The Feeling Of Security

Bruce Schneier weighs security trade-offs in a compelling TED talk:

Ezra Klein summarizes key points from Schneier's talk and ponders the impact on policy:

If Congress does a bad job fortifying our ports against terrorist attack, there still might never be a successful attack on our ports. And if there is a successful attack, it likely won’t happen for years, at which point it’ll be another Congress’s problem. So if voters are demanding you make them feel safe now and you’re not likely to be around for, or connected to, the consequences of ignoring risks that no one is thinking about, it’s pretty natural to focus on the dangers your constituents want addressed rather than the dangers that actually need to be addressed.

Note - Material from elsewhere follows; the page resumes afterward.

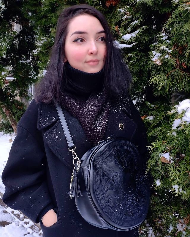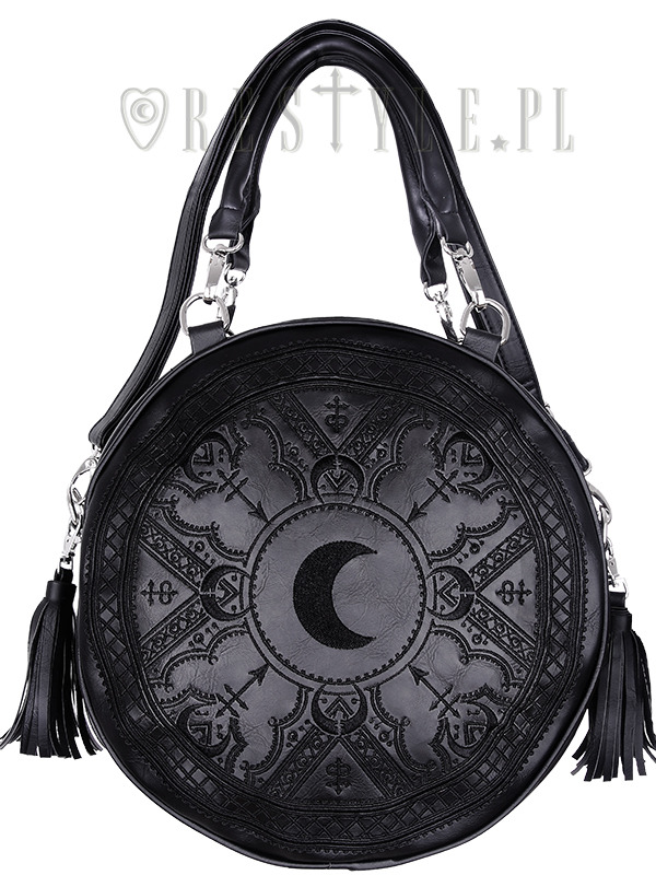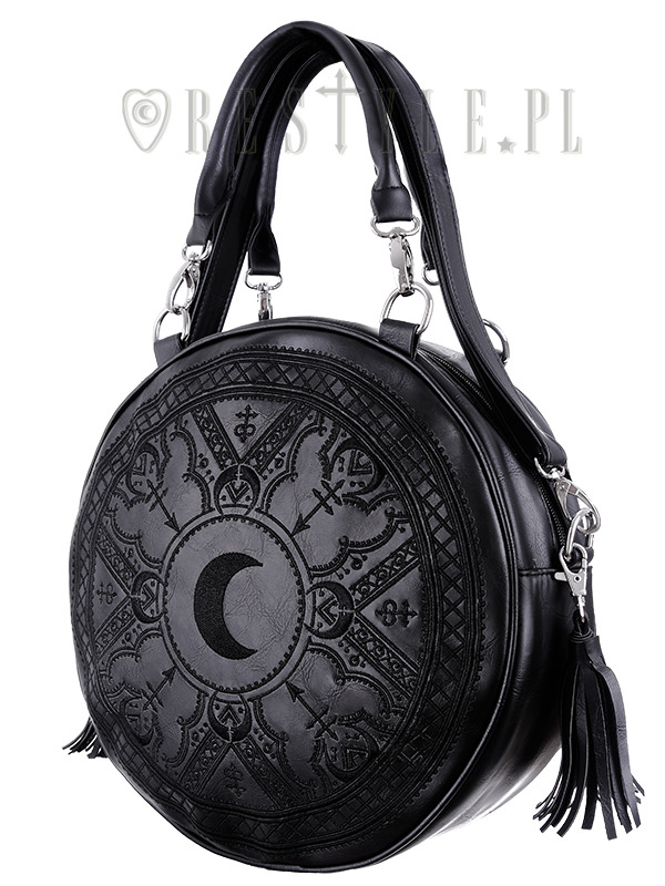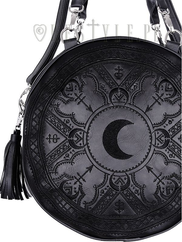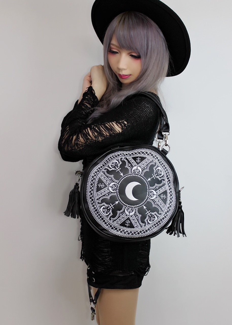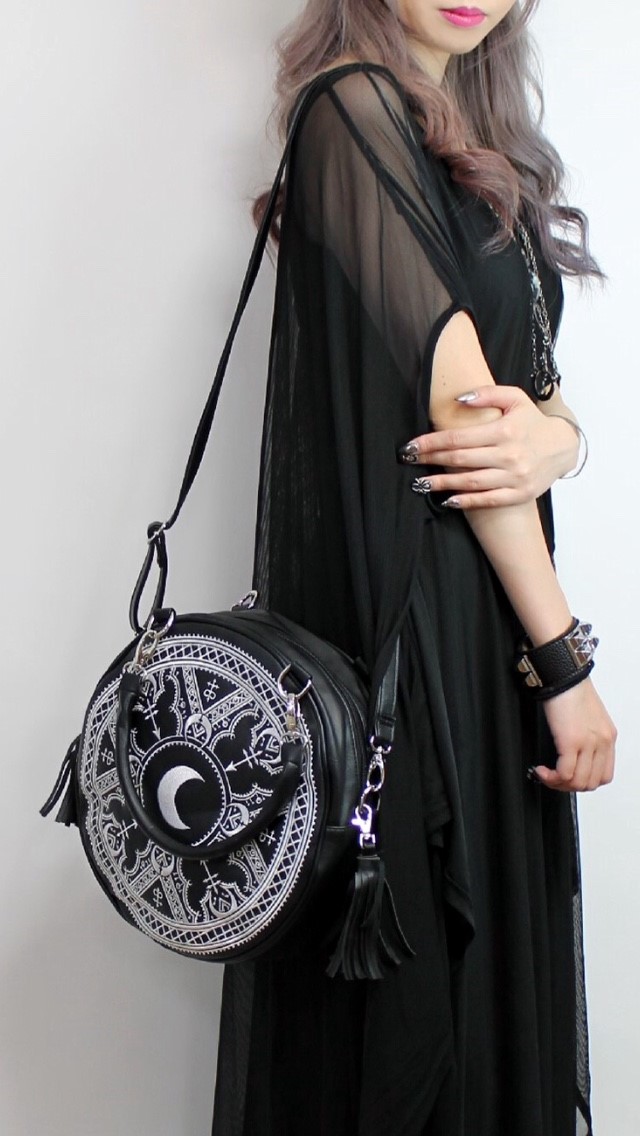錬金術のシンボルと三日月をあしらったユニークなヘナデザインラウンドバッグ!

Alex Tabarrok's thoughts on childhood safety trends add more data points to the debate:

It is true that one of the most horrible things we can imagine, homicide, is up. For kids aged 5-14 homicide mortality went from 0.5 per 100,000 in 1950 to 0.8 per 100,000 in 2005. Overall, however, kids are much safer today than in the 1950s. Accident mortality, for example, is down from 22.7 per 100,000 in 1950 to 6.2 per 100,000 in 2005 (see Caplan’s Selfish Reasons for more details). Maybe buckling up and ocean supervision isn’t so bad. Maybe parents today worry too much. Probably some of both.